[Work order]
Output, word for word, each line from the one with "Het perceel waarop" through the end of the listing below, excluding every picture.

──────── Data excerpt ────────

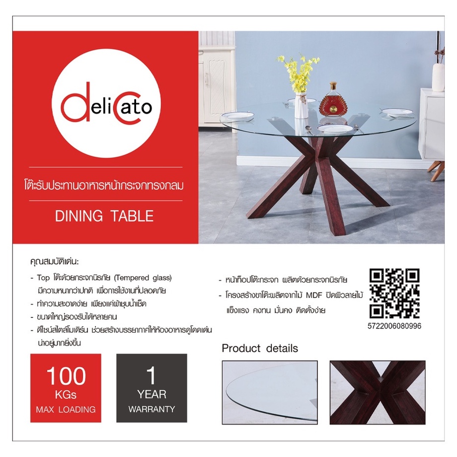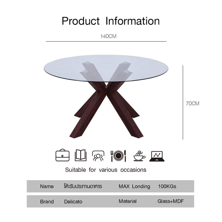 GlobalHouse Delicato โต๊ะรับประทานอาหาร ขนาด140x140x70ซม. รุ่น Harper สีน้ำตาล สินค้าของแท้คุณภาพดี
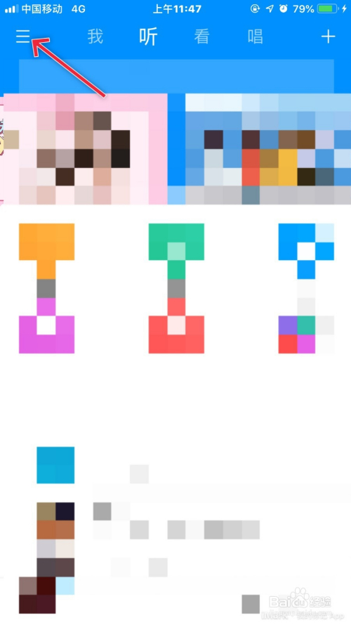 打开酷狗软件,进入酷狗本家儿界面,然后点击左上角的多功能列表
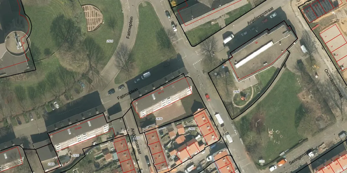 Het perceel waarop Fatimaplein 64 staat heeft een oppervlakte van 861 m². Dit is een groot perceel. De perceeloppervlakte wordt geregistreerd door het Kadaster. Gedetailleerde informatie over de maten van dit perceel kunt u vinden in het rapport Kadastrale kaart met maatvoering van Fatimaplein 64.
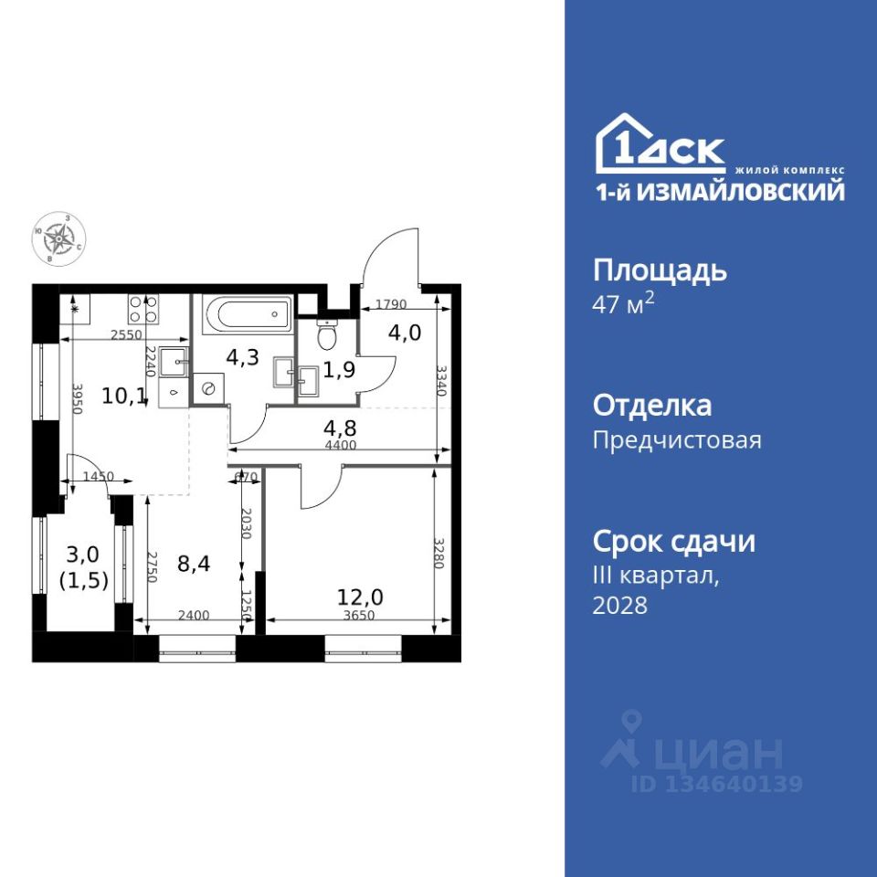 Продаётся 2-к квартира номер 545 общей площадью 47 кв.м. на 10-м этаже 32 этажного здания. Отделка Whitebox.

────────

[Output of the exercise]
 Het perceel waarop Fatimaplein 64 staat heeft een oppervlakte van 861 m². Dit is een groot perceel. De perceeloppervlakte wordt geregistreerd door het Kadaster. Gedetailleerde informatie over de maten van dit perceel kunt u vinden in het rapport Kadastrale kaart met maatvoering van Fatimaplein 64.
 Продаётся 2-к квартира номер 545 общей площадью 47 кв.м. на 10-м этаже 32 этажного здания. Отделка Whitebox.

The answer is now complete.